After some email discourse with Eren, I am creating this thread for multi-speaker related progress on the Mozilla TTS. Particular objectives include manipulating speaker encoder embeddings for purposes of voice altering (creation of mixed voices) and conditioning the TTS using them.
As Eren mentioned to me, there is no multi-speaker doc on the git at present. My goal is to maybe write up something myself, if I come up with anything worthy of looking into.
If anyone has any questions/results/thoughts they want to share, please!
As I have been discussing with Eren, I am interested in seeing how we can manipulate a TTS voice quality, using external embeddings, however I have been having trouble using external embeddings extracted using the speaker encoder. Eren suggested initializing the speaker embedding layer with the tensor I have and then freezing the weights, however I have not really been successful. If anyone has ever worked with it or has any guidance, please go ahead!
A little update. I was able to, after all, modify the pipeline a bit and feed it my own custom embeddings. Some info on it: I extracted them using the speaker encoder. They were the mean of embeddings coming from different speakers (from LibriTTS). I modified Tacotron2 to feed these embeddings during training and inference time and tried to load a pretrained, on LJSpeech, model and see if the voice would change in any way when the embeddings were used. The voice did not change, but the prosody does change, when the embeddings are used (attaching 2 samples). I suspect it is due to the nature of the model being single-speaker, so it can simply not generalize, however if anyone has any input, let’s hear it.
Now I will try to train a multi-speaker model on Tacotron and see if I can feed it my own embeddings and maybe generate novel speakers. Very interesting to see results.
@erogol@nmstoker any thoughts? Maybe I did something wrong, but I did hope maybe finetuning the pretrained model on the embeddings for a little while might change the voice, but alas, it did not…
you need to train the model in multi-speaker settings to see it works with the embeddings. Single speaker model would not generalize for a different speaker.
I thought the same. Well then, it is what I shall do. Definitely promising that, even in single speaker, custom embeddings change the prosody and I think it is a good sign for GST modelling. Will come back with multi-speaker results.
I was training on the 100 variant of LibriTTS, with a learning rate of 0.0001 and forward attention, a batch size of 64 and original prenet; for about a day. However, it seemed to overfit and so I am now trying bidirectional decoder; however, with a batch size of 64 it kept crapping out, hence why I asked. I am not trying with a size of 32 and bn prenet. Would you have any recommendations?

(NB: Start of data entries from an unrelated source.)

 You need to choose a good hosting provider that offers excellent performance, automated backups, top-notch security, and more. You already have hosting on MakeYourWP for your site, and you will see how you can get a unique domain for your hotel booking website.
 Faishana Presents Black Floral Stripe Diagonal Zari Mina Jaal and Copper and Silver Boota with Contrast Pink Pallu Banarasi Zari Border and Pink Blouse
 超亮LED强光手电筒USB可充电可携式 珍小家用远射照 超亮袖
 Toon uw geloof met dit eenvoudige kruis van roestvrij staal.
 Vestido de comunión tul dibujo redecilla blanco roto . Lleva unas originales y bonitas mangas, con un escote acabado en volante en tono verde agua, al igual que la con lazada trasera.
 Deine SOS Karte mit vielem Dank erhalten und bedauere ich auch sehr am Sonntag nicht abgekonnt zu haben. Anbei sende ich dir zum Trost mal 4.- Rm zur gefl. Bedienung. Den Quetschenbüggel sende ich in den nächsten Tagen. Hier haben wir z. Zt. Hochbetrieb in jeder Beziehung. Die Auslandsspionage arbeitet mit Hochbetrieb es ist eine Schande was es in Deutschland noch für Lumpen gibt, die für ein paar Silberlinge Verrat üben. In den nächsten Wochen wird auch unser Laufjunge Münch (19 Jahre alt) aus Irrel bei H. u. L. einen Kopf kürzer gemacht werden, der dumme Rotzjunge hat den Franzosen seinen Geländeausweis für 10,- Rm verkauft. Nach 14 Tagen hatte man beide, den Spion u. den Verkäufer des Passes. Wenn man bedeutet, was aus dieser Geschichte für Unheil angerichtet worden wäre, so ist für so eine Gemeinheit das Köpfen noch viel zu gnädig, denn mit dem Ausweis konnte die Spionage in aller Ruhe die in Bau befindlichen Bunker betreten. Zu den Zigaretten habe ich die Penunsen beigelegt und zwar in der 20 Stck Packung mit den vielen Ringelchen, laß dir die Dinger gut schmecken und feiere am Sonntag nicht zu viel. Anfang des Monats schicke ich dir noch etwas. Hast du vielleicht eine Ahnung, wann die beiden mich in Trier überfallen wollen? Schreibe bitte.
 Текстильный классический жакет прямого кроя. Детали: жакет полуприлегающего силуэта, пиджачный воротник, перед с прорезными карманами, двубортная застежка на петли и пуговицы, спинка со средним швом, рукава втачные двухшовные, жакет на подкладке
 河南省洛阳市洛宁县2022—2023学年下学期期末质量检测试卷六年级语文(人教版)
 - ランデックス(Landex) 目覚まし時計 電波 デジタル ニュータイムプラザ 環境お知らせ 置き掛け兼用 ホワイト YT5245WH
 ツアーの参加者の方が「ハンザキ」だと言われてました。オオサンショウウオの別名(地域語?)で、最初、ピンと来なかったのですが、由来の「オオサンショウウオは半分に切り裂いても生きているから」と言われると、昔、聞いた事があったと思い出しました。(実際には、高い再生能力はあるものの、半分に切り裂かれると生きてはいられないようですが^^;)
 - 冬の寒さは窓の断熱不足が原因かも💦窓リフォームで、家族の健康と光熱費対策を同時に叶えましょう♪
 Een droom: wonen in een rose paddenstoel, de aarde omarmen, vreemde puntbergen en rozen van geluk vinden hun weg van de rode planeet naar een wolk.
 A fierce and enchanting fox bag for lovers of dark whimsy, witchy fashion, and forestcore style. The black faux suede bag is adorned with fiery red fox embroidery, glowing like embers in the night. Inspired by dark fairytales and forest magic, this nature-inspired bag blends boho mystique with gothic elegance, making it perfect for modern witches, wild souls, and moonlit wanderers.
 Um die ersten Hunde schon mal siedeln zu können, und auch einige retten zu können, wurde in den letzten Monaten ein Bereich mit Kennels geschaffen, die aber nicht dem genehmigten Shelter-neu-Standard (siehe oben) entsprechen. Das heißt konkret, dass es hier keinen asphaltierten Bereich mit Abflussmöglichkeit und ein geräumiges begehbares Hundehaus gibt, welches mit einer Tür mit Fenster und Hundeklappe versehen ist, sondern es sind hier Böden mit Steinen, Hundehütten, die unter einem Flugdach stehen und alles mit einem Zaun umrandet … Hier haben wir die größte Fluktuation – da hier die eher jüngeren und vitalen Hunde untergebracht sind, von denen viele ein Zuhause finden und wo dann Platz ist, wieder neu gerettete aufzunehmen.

Hi again, been trying to train this whole week, but unfortunately everything has been overfitting (plateuing early on and no improvements after a day). I have been training on Tacotron, first with LibriTTS 100, and then LibriTTS 360, female only. I tried Forward Attention at first (all three switches in config enabled), and bidirectional at some point, but unfortunately it craps out because of memory. I am trying with graves now and forward attention enabled as well. Should I give up Tacotron altogether and try Taco2? I cannot figure out why it is overfitting, I thought it would surely do okay.
Ah okay, thanks, I had a suspicion. It’s just that even after a day all I get in the testing samples is static noice and even teacher forcing in eval does not look great (plus the alignment score plateaus after 2k steps and does not improve at all).
As I said, I ended up training (on the master branch) Tacotron on all the female speakers of Libri-TTS-360. At first I tried to use Forward Attention, but the only mechanism that worked was Graves. I tried bidirectional but sadly it didn’t work (kept throwing memory errors). I also needed to disable self.attention.init_win_idx() on layers/tacotron.py, because otherwise it refused to synthesize. I am at approximately 103k steps now. What I have gathered:
I have to restart training every 2 days, because the attention drops
In general, graves is a very good mechanism
I don’t know if it is the multispeaker nature, but it seems that, at random intervals, the alignment just drops extremely low and then it goes back up, gradually.
At 103k steps, the model is somewhat able to synthesize in different voices; however, punctuation like commas breaks it (it doesn’t read further than the comma break). I am uploading synthesis with speaker 1 as the flag and speaker 14 as the flag.
I don’t have any test spectograms, because I just started retraining again. Again, my goal is more of producing a novel speaker using embeddings. I will let it train more and see how it goes, then use external embeddings I have extracted using the speaker encoder and feed these, instead of the speaker embedding layer. I would like to contribute the model I am training right now for the TTS project page on git, if it turns out to be good, along with the changes needed for loading your own embeddings.
Any thoughts? I wonder if I can use this model to start a training session using forward attention, or batch normalization, after a certain number of steps. I also left r at 7, because gradual training is enabled, so I didn’t think changing it would do anything.
As always, thanks for all the work! Really happy if I can contribute in any way.
for a multi-speaker mode it takes longer for the mode to show a reasonable performance. I could only see it works good enough after 700K iterations. So maybe it is better to be patient. You might also train another model finetunning a pretrained LJSpeech model. That might make the problem easier.